--- Provided data Enclosed Below ---

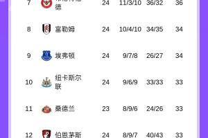 體育資訊2月2日訊 英超第24輪,熱刺2-2戰平曼城,最新的積分榜情況如下↓
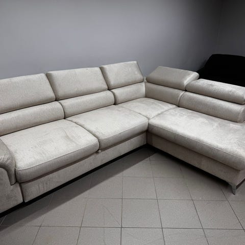 Hjørnesofa med sovefunktion i gråt stof. Sofaen er udformet som en L-formet hjørnesofa med chaiselong i venstre side (set forfra). Ryglæn med tre separate ryghynder og brede armlæn.
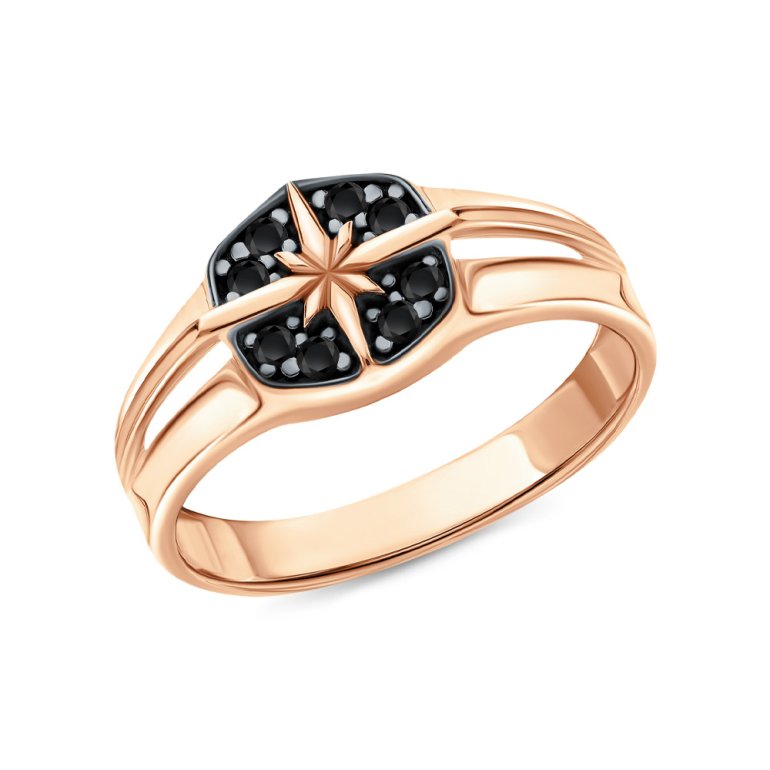 Кольцо, вставка: ситалл черный; Розовое золото 585 пробы.
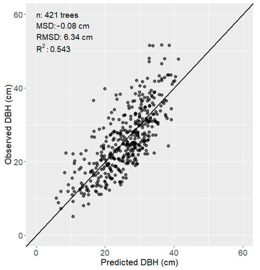 Figure 3. Scatter plot of observed and predicted diameter at breast height (DBH). n: number of sample trees; MSD: mean signed difference; RMSD: root-mean-square difference.

--- End of Enclosed Provided data ---

→ What is needed: What do the lines above say from the line containing "Кольцо, вставка: ситалл" through the last line? Quote them exactly, both ends included, and leave out the pictures.

→ Answer space:
 Кольцо, вставка: ситалл черный; Розовое золото 585 пробы.
 Figure 3. Scatter plot of observed and predicted diameter at breast height (DBH). n: number of sample trees; MSD: mean signed difference; RMSD: root-mean-square difference.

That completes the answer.